DeepSeek-R1 has revolutionized AI by collapsing coaching prices by tenfold, nevertheless, widespread adoption has stalled as a result of DeepSeek-R1’s reasoning capabilities require considerably extra compute for inference, making AI manufacturing costlier. In actuality, the inefficiency of GPU-based inference has stored DeepSeek-R1 out of attain for many builders.
SambaNova has solved this drawback.
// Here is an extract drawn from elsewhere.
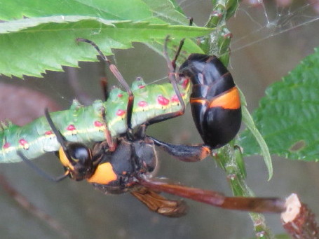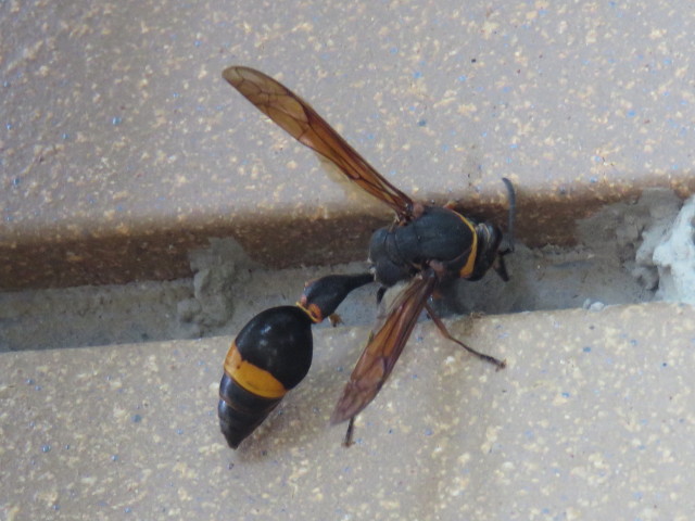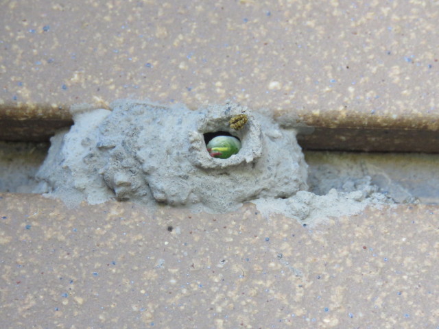 今年の9月、上尾オアシスでスズメバチを平年より多く観察した。壁面に巣づくりをし、幼虫の餌になるガの幼虫を捕獲し麻酔して巣に運び込む。そして巣にふたをしてスズバチ幼虫が発育するのを待つ。10月上旬まで新成蜂は出てこなかった。来春に出て来るのだろう。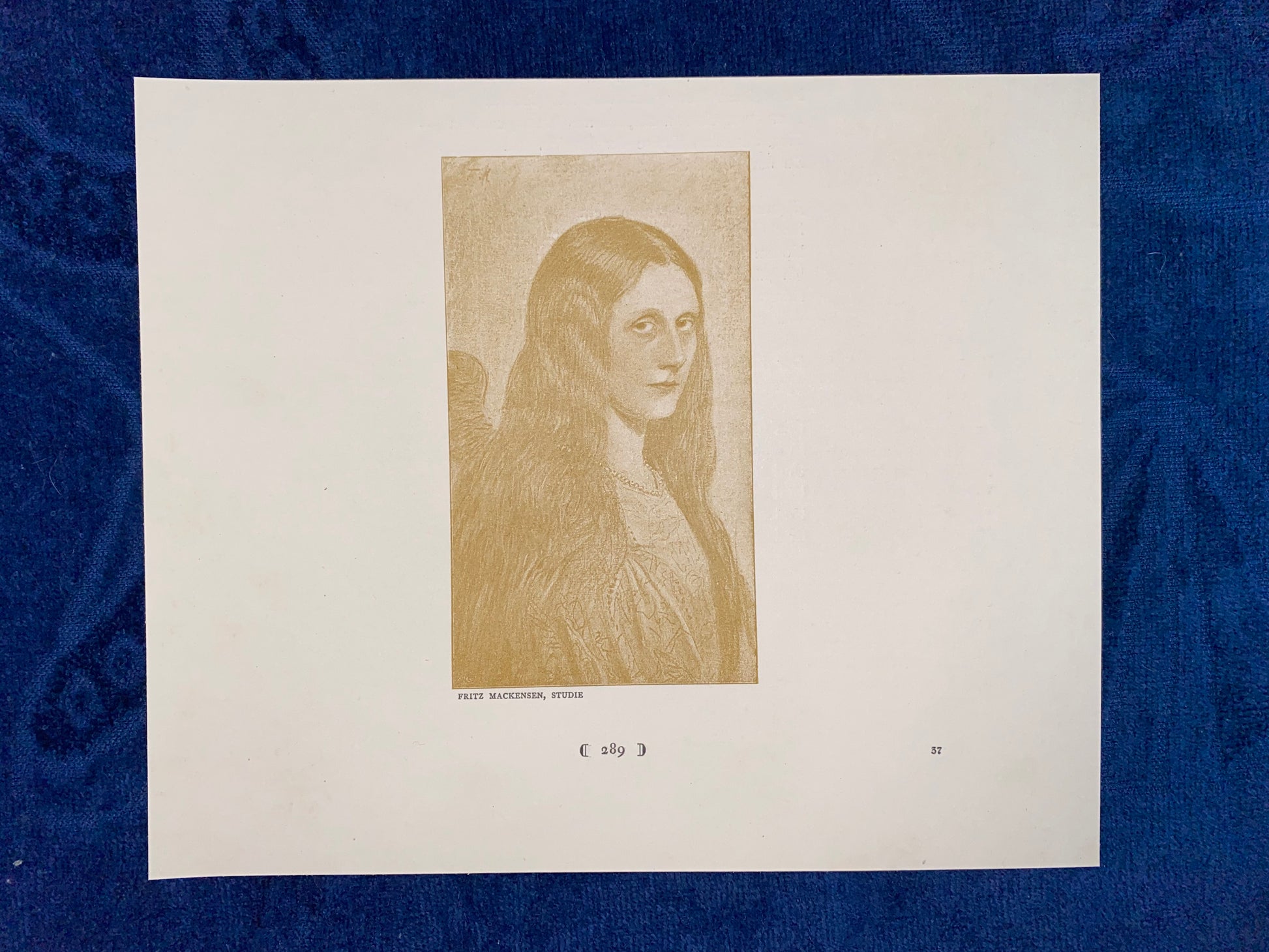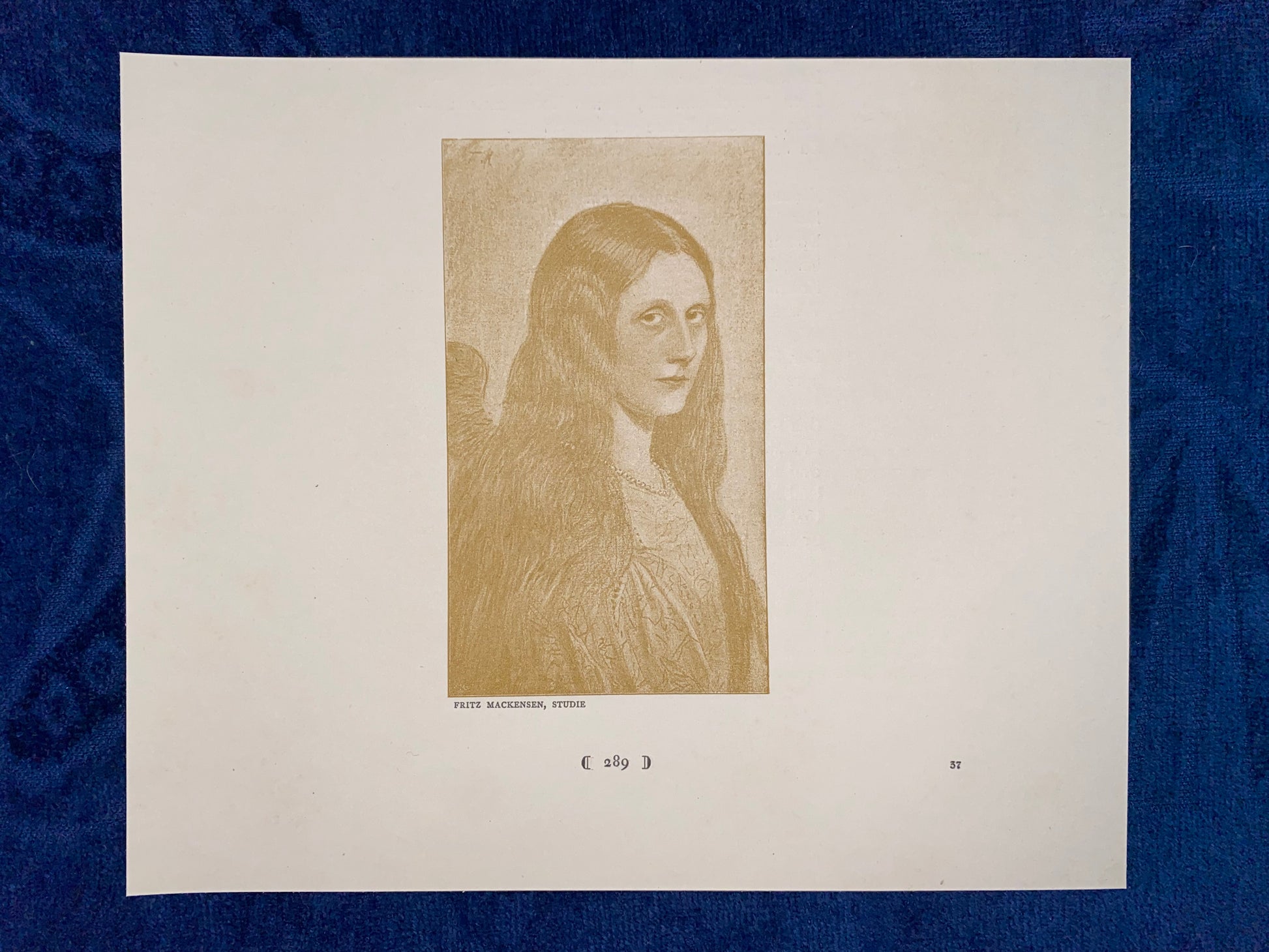 Dekorativer Druck nach Fritz Mackensen (1866–1953), entstanden um 1900. Das Blatt zeigt eine Studie eines Frauenporträts in goldbraunem Ton, detailreich und charaktervoll ausgeführt. Mackensen gehörte zur Künstlerkolonie Worpswede und gilt als wichtiger Vertreter der Kunst um 1900.

With a proprietary dataflow structure and three-tier reminiscence design, SambaNova’s SN40L Reconfigurable Dataflow Unit (RDU) chips collapse the {hardware} necessities to run DeepSeek-R1 671B effectively from 40 racks (320 of the most recent GPUs) right down to 1 rack (16 RDUs) — unlocking cost-effective inference at unmatched effectivity.
“DeepSeek-R1 is among the most superior frontier AI fashions out there, however its full potential has been restricted by the inefficiency of GPUs,” stated Rodrigo Liang, CEO of SambaNova. “That adjustments at the moment. We’re bringing the subsequent main breakthrough — collapsing inference prices and lowering {hardware} necessities from 40 racks to only one — to supply DeepSeek-R1 on the quickest speeds, effectively.”
“Greater than 10 million customers and engineering groups at Fortune 500 firms depend on Blackbox AI to rework how they write code and construct merchandise. Our partnership with SambaNova performs a essential function in accelerating our autonomous coding agent workflows. SambaNova’s chip capabilities are unmatched for serving the complete DeepSeek-R1 671B mannequin, which supplies significantly better accuracy than any of the distilled variations. We couldn’t ask for a greater associate to work with to serve tens of millions of customers,” said Robert Rizk, CEO of Blackbox AI.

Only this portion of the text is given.